À noter que les statistiques de réussite pour les BTS sont en général présentées en termes de réussite à l’examen, et non en termes d’inscrits… ce qui revient à occulter le phénomène du décrochage (voir L’état de l’enseignement supérieur et de la recherche, n° 4, décembre 2010, Ministère de l’enseignement supérieur et de la recherche).  En parallèle, les bacs généraux ont réussi leur licence en 4 ans à 49,2%. (Voir à ce sujet Parcours et réussite aux diplômes universitaire : les indicateurs de la session 2015, Note Flash n°15, novembre 2016, Ministère de l’enseignement supérieur et de la recherche.)

Donner aux étudiant·e·s les moyens d’acquérir les compétences nécessaires et ne pas leur mentir sur ce qui les attend…

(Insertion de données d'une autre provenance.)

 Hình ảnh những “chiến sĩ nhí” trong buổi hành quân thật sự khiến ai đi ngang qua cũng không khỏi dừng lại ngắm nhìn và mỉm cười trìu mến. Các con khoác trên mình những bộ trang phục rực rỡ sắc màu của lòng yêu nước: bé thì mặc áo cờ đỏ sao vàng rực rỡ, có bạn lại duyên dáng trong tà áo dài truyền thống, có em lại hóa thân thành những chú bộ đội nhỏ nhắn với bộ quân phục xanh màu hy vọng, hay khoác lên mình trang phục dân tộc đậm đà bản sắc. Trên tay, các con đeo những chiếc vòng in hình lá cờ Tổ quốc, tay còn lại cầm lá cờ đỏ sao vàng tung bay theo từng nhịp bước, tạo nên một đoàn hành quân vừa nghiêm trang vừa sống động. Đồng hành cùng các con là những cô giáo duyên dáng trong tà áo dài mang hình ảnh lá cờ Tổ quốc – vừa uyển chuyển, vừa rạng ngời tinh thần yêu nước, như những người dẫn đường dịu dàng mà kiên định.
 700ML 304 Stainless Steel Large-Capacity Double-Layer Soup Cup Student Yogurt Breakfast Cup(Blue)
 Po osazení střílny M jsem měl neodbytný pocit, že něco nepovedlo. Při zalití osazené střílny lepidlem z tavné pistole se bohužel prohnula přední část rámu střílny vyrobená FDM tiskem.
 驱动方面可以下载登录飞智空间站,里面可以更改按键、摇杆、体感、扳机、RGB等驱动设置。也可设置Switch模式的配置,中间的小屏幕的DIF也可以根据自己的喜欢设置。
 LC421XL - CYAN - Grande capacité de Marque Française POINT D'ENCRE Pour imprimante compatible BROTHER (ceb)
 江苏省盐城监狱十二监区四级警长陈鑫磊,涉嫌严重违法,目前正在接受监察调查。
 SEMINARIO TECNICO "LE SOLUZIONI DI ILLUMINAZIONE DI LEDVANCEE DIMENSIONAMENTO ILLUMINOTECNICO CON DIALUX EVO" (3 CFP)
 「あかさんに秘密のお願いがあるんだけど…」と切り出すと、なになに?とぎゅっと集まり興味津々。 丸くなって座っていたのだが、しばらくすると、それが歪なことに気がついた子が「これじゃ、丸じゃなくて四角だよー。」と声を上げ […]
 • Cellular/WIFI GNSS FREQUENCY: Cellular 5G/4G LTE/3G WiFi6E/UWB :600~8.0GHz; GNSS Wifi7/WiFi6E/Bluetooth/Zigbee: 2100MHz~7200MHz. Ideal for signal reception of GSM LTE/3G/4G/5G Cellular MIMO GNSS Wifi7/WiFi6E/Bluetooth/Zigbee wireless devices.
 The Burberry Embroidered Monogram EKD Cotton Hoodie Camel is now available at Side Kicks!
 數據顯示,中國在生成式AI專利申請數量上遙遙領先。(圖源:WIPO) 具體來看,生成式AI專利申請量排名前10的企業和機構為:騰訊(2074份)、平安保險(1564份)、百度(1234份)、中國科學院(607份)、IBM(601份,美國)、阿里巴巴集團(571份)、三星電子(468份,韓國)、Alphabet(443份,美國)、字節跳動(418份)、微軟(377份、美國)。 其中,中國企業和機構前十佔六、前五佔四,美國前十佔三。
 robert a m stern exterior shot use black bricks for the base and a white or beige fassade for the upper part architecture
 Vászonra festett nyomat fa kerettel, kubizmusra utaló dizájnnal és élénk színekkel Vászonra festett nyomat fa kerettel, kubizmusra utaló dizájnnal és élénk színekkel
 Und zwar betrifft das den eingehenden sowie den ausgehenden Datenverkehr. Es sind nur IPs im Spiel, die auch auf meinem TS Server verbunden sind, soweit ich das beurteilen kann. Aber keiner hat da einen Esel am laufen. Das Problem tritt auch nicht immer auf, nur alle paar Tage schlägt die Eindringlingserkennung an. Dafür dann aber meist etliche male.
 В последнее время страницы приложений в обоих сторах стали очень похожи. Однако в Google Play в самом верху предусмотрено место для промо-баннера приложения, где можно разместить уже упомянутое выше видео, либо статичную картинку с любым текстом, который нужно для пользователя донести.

Laisser un.e étudiant.e aller échouer dans une filière parce qu’il n’a pas les pré-requis, sans lui donner les moyens d’acquérir les compétences nécessaires pour réussir, n’est pas lui rendre service. Accepter les bacs pros en licence générale, sans s’assurer qu’il leur est possible de réussir, après les avoir refusé en BTS, parce qu’ils n’avaient pas un niveau satisfaisant, c’est leur mentir sur ce qui les attend.

 

Clarifier le paysage du premier cycle de l’enseignement supérieur, au bénéfice de la réussite des étudiant·e·s…

Ne serait-il pas plus logique de considérer qu’ un.e étudiant.e doit être inscrit.e là où il a des chances de réussir ? Et de prévoir des passerelles entre les formations, pour ouvrir la porte à des parcours moins linéaire ? Le rapport Lerminiaux proposait par exemple de permettre à des étudiant.es de L1 de suivre des enseignements de BTS ou de DUT et réciproquement. On pourrait envisager également des remises à niveaux, des accompagnements personnalisés… pour que celles et ceux qui souhaitent poursuivre en licence générale aient les moyens de réussir. Mais cessons de les expédier par défaut là où ils ont toutes les chances d’échouer !

Une réflexion qui va bien au-delà de la rénovation des parcours en IUT

Cette réflexion va évidemment bien au delà de la rénovation des parcours en IUT annoncés par l’ADIUT – rénovation qui constituerait un progrès indéniable pour les étudiant.es, en évitant une sélection supplémentaire au milieu d’un cycle.

C’est toutefois l’occasion de rappeler qu’il serait urgent de clarifier le paysage du premier cycle de l’enseignement supérieur, au bénéfice de la réussite des étudiant.es. Ne l’oublions pas : les institutions ne se justifient que par le service qu’elles rendent à la collectivité.